Looking for people who keep Eyelash vipers or similar _Bothriechis_ species for a bit of a chat about them. I decided a long time ago that if I ever got any hots these are the way forward. 

Not going to get hots for some time, but I'm reading a lot on these species at the moment and so would like to talk to some keepers to supplement my research.

Cheers.


----------



## 50%man50%biscuit (Mar 17, 2009)

Hi I kept a few for about 5 years and bred then successfully.

Drop me a PM anytime

GB


----------



## MolestedChimp (Sep 19, 2008)

Gaboon said:


> Looking for people who keep Eyelash vipers or similar _Bothriechis_ species for a bit of a chat about them.

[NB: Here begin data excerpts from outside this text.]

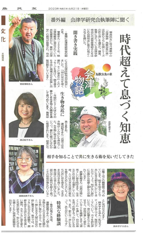 【2023/6/26】 「会津物語」 「会津物語」 。 動物や樹木などの、人間以外の生き物に対して人間がとても近く、対等の眼線であり、ひとつひとつの物語に、実在の話者と体験者がいることがユニークと感じている。 「鳥獣虫魚の章」 読んでみたい!
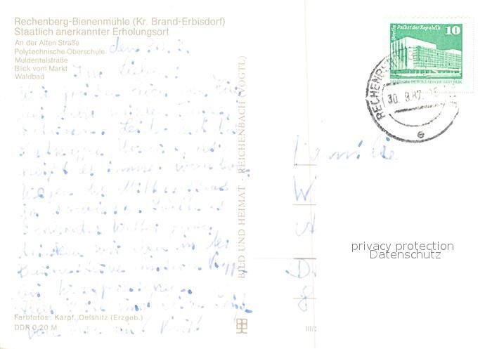 73029127 alte Postkarte Rechenberg-Bienenmuehle Osterzgebirge Alte Strasse Polytechnische Oberschule Muldentalstrasse Markt Waldbad postalisch gelaufen Erhaltung siehe scans [KathaD81] KatCode: 11110014177350
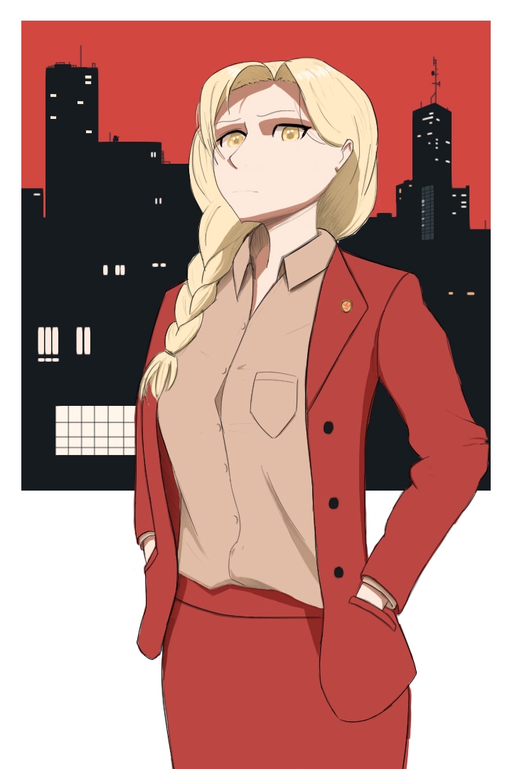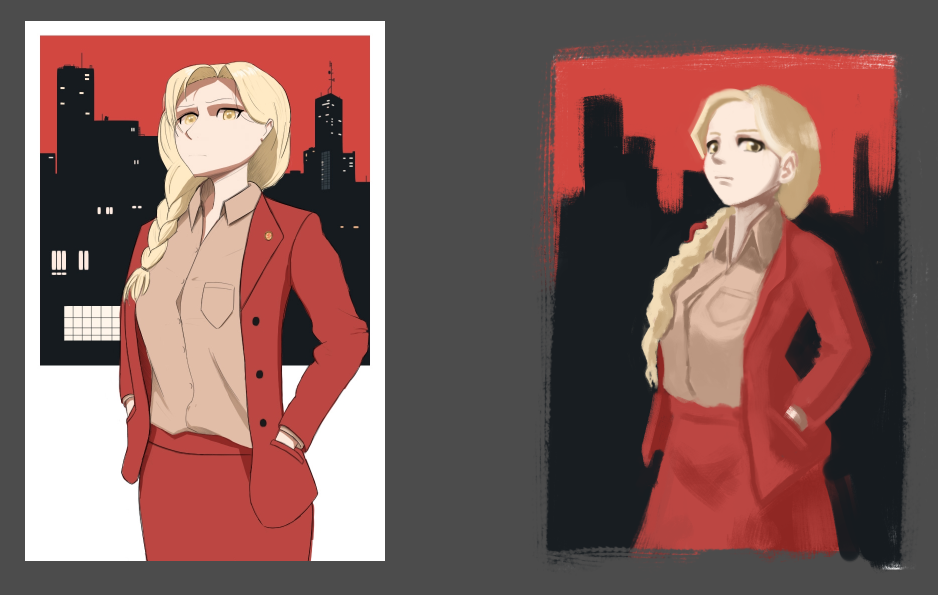 >>893163 Типо композиция. Персонаж занимает центральную треть, разделяя левую и правую. Фон занимает верхнюю 1/2 - 2/3. Красная юбка с красным пиджаком занимают нижние центральные 2/3, 1/3 центра верха занимает голова. Рубашка ровно по центру, разбивает красный цвет. Город прерывает красное небо и создает линию на уровне головы, получается точка фокуса на лице. Окна размешивают монотонный черный.
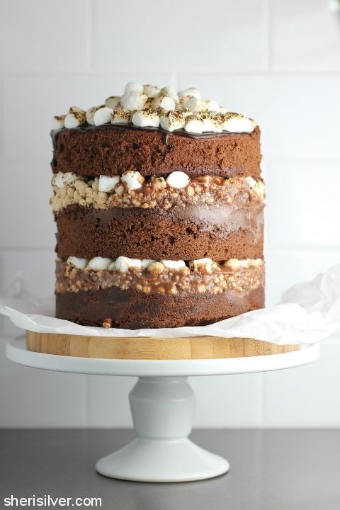 Milk Bar Chocolate Malt Cake Review / This rich, fudgy, gooey layer cake is packed with malted fudge, malted milk crumbs, and charred marshmallows — plus lots of malted chocolate frosting.
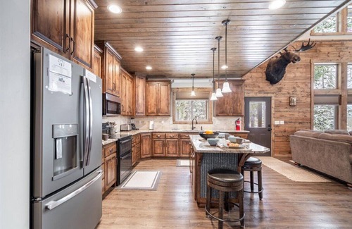 Welcome to Henry's Lake Hideaway, a stunning retreat nestled in the heart of Island Park, Idaho. This spacious 5-bedroom home offers a perfect blend of comfort and adventure, accommodating up to 13 guests, making it ideal for family gatherings or group getaways. Surrounded by breathtaking forest views, this property provides a serene escape from the hustle and bustle of everyday life.
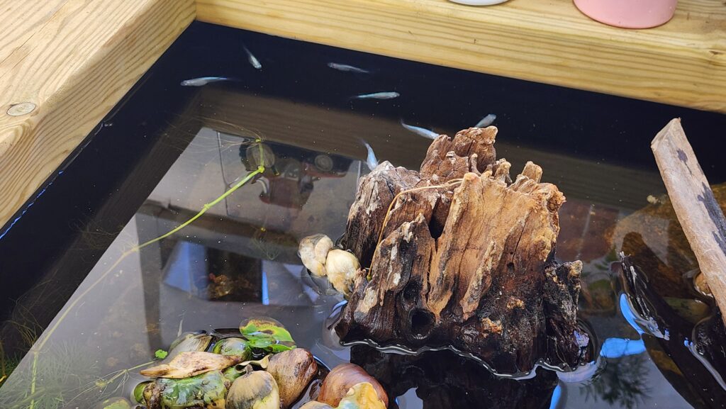 昨日、園内のメダカさん達を、大きい子と小さい子に分けて場所移動をしました。

I decided a long time ago that if I ever got any hots these are the way forward.
> 
> Not going to get hots for some time, but I'm reading a lot on these species at the moment and so would like to talk to some keepers to supplement my research.
> 
> Cheers.


 
These are my favourite also but i just don't know how to get started with hots or get any expirence to apply for a DWA


----------



## Tehanu (Nov 12, 2006)

A thread like this is crying out for inspirational eyecandy!!!


----------



## Gaboon (Jun 20, 2005)

They really are a stunning species! Are they your own Saedcantas?


----------



## sparkle (Mar 21, 2007)

These are my favourite venemous.. eyelash vipers.. absolutely beyond stunning, thanks for sharing


----------



## Tehanu (Nov 12, 2006)

Gaboon said:


> They really are a stunning species! Are they your own Saedcantas?

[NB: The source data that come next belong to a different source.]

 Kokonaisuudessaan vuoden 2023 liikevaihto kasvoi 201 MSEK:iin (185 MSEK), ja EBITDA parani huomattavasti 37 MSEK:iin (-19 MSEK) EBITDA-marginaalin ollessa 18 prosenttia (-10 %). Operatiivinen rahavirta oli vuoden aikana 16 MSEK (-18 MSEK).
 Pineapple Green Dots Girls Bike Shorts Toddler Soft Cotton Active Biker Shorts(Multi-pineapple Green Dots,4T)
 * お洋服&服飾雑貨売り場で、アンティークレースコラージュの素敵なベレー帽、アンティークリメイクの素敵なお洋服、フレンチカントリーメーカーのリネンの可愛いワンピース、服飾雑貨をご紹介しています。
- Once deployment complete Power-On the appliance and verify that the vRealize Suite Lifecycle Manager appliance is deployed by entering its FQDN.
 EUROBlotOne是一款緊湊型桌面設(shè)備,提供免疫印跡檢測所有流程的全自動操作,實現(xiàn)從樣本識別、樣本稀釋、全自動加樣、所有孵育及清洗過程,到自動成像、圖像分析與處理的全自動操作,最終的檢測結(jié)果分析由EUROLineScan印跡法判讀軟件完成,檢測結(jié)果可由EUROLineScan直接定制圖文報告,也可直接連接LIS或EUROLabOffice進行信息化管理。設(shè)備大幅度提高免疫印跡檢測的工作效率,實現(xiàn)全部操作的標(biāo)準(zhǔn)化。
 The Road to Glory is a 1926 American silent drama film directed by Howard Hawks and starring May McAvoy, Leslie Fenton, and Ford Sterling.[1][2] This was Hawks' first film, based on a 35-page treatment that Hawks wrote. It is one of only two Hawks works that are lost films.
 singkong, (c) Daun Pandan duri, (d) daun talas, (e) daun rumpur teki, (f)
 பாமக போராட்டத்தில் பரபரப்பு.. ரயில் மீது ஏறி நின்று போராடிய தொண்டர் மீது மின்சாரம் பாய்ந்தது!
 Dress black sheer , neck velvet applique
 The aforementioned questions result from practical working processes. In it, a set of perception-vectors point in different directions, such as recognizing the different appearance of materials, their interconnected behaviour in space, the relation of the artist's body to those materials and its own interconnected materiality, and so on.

Nope, they are an assortment of specimens all kept at Durrell Wildlife Conservation Trust. Two of the pics are of adult specimens currently on exhibit and the third is one of the juveniles born here in August 2006.


----------



## sparkle (Mar 21, 2007)

Saedcantas said:


> Nope, they are an assortment of specimens all kept at Durrell Wildlife and Conservation Trust. Two of the pics are of adult specimens currently on exhibit and the third is one of the juveniles born here in August 2006.


 
you are a lucky lady in your line of work Lotte, i wish I had thought a little more when i chose my Uni course.


----------



## Gaboon (Jun 20, 2005)

Saedcantas said:


> Nope, they are an assortment of specimens all kept at Durrell Wildlife Conservation Trust. Two of the pics are of adult specimens currently on exhibit and the third is one of the juveniles born here in August 2006.


You work there then!? 

Very nice :2thumb:.

Thanks for posting the snaps.

Edit; Just looked at your profile, good to know someone else likes a bit of psy trance! Shpongles 4th album is going to be awesome. You going to see them?


----------



## slippery42 (Mar 23, 2008)

Saedcantas said:


> Nope, they are an assortment of specimens all kept at Durrell Wildlife Conservation Trust. Two of the pics are of adult specimens currently on exhibit and the third is one of the juveniles born here in August 2006.


Thought I'd seen these ones before I think I saw images which *Al* took when he worked there!


----------



## Tehanu (Nov 12, 2006)

slippery42 said:


> Thought I'd seen these ones before I think I saw images which *Al* took when he worked there!


Yup Graeme, you've seen two of them a fair few times over on CB posted by Al, but the adult with the red patternation I think hasn't made it's debut till now.

I'm suprised he didn't post them up here before I did 

Lotte***


----------